4.3 Open questions (RQ3)
In the earlier years of research in model differencing and merging, there was a clear need for general algorithms that did not rely on static identifiers [3, 8]. Our findings confirmed that this is no longer the case, as there are numerous algorithms that focus only on generality and do not rely on static identifiers (16 that we found, see Sect. 4.1.2 for details).RQ3: What are the main open questions related to the field of model matching?
- Relatively low industrial appliance Low tool adoption of existing algorithms. Most algorithms have a working prototype, although industrial applications are rare.
- Inadequate change visualization Although loosely related to the field of model matching, difference and conflict visualization is not adequate enough, the concrete syntax of the model should more often be used for this purpose.
- Intention-aware model versioning Intention-aware model versioning is a possible future research direction where the result of a model merge is based on the intentions of the developers committing the changes.
- Semantic model matching Semantic model matching is a relatively new research direction with multiple problems: algorithmic complexity, difference representation, and integration with syntactic matching.

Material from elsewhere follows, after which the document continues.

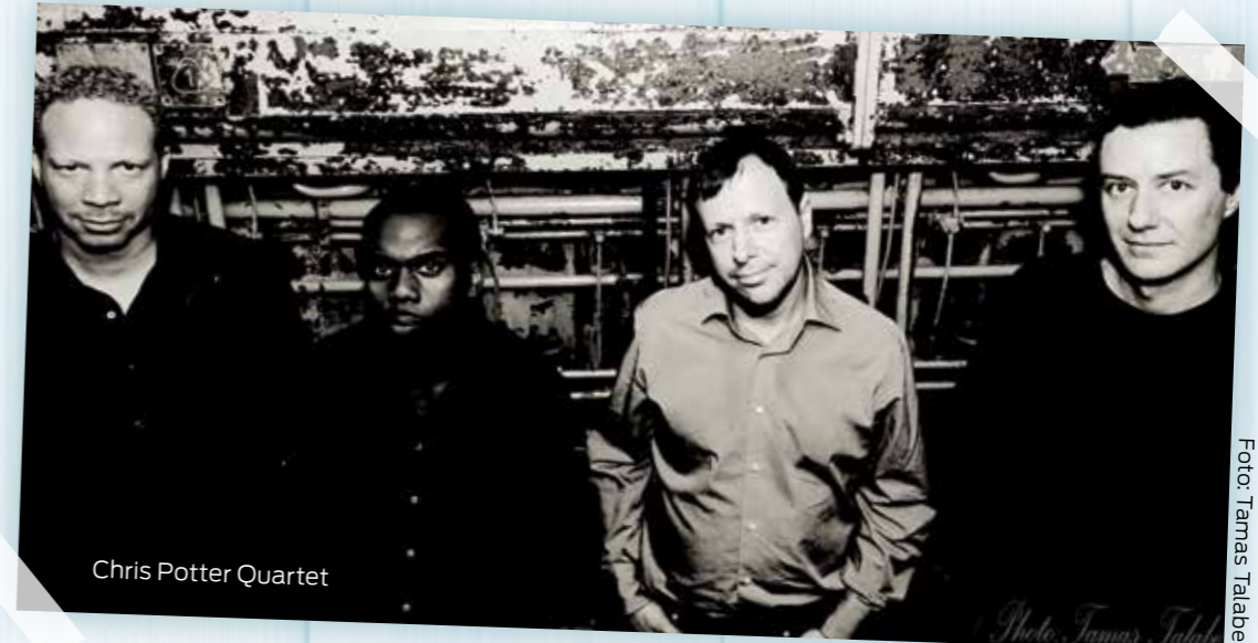
Chris Potter Quartet

Cd: Asian Fields Variations . Met Louis Sclavis. Een grootmeester. Mooie combi met viool en cello. Musici die elkaar door en door kennen. Elk componeert voor deze cd. Je wordt meegenomen. Mysterieus. Ik wil één woord gebruiken voor de cd: edel.

- Lack of benchmarking datasets Benchmarking datasets are uncommon and are usually technology dependent. Automatically generated and technology-independent datasets are needed in order to more objectively evaluate algorithms.
- Large-scale model matching Large-scale model matching needs more research. The trade-off between performance and accuracy also merits further research.

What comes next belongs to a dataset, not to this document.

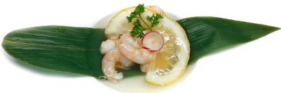
63. Gamberetti al limone Gamberetti* e limone .. 6.00 euro 🍴
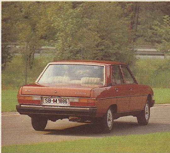
Abb.: PEUGEOT 604 SL V6

Das neue Spitzenmodell im breiten PEUGEOT-Programm heißt PEUGEOT 604 V6 TI. Noch komfortabler durch rundum getönte Scheiben, elektrisch betätigtes Stahlschiebedach und elektrisch versenkbare Türscheiben vorn und hinten, zentrale Türverriegelung. Noch überlegener und leistungsfähiger durch den 144 DIN PS-Einspritzmotor mit 5-Gang-Getriebe.

- General algorithms for behavioral models? General model matching algorithms do not seem to perform well regarding accuracy, as behavioral models seem to rely too heavily on semantics. Can more general algorithms be developed for behavioral models?

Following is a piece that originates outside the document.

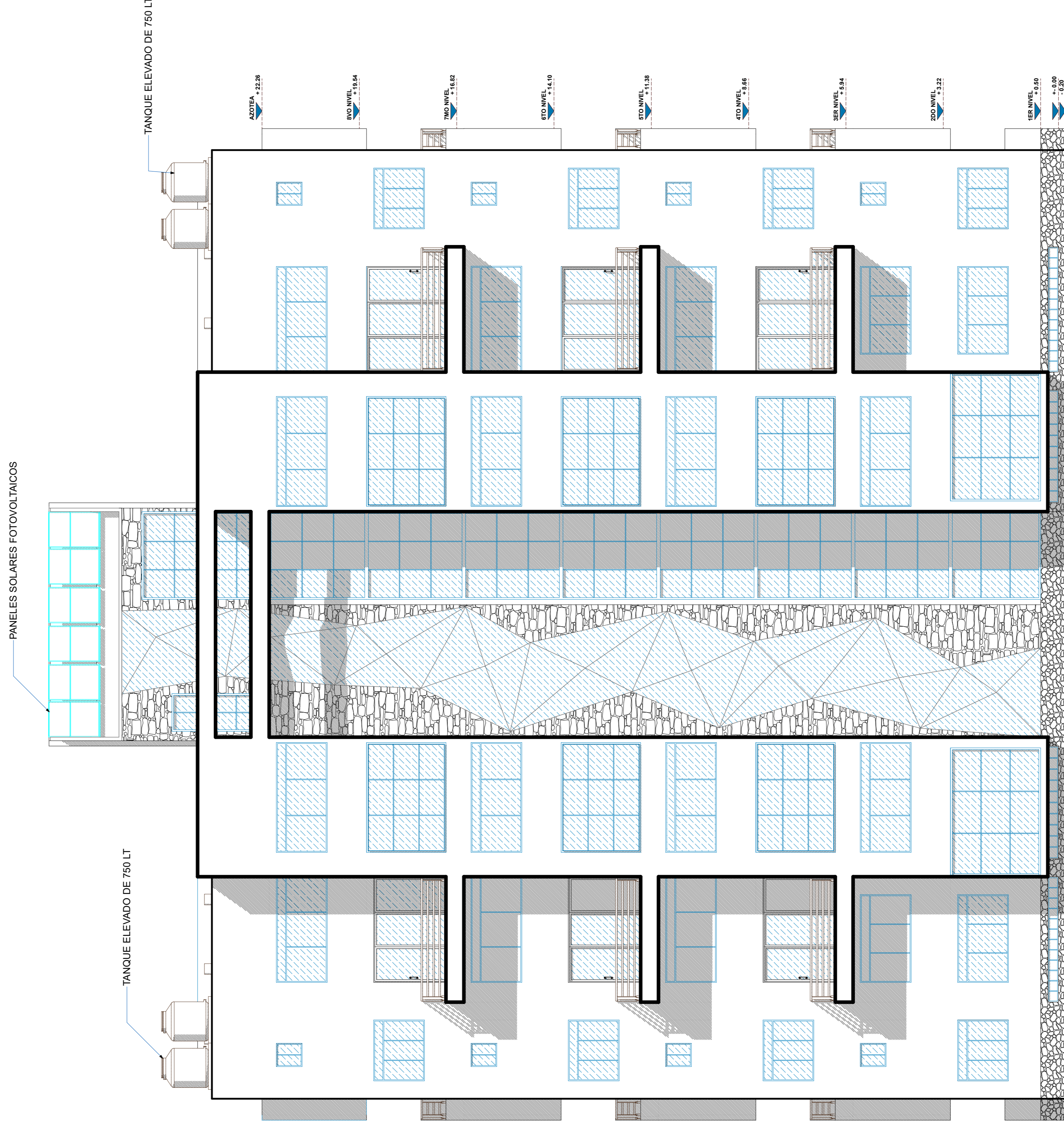
ELEVACION HACIA LA AV. EL PUERTO

- Further analysis of text-based algorithms The investigation of the differences between text-based and graph-based algorithms, and identifying and quantifying the aspects that they differ in merits further research. This also includes the analysis of the correlation between the configuration cost and accuracy/generality of the text-based algorithm discussed in Sect. 4.1.1.
4.4 Interest in model matching (RQ4)
Figure 9 illustrates every included primary study per year, from the earliest published paper (2001) to the latest one (2018). We can see that the apex of research related to model matching was between 2007 (16 studies) and 2009 (20 studies). From then, a steady decline in the frequency of published papers can be observed. Nevertheless, we believe that the open questions and challenges we identified in this survey are still relevant and merit further research.RQ4: How has interest in model matching developed over time?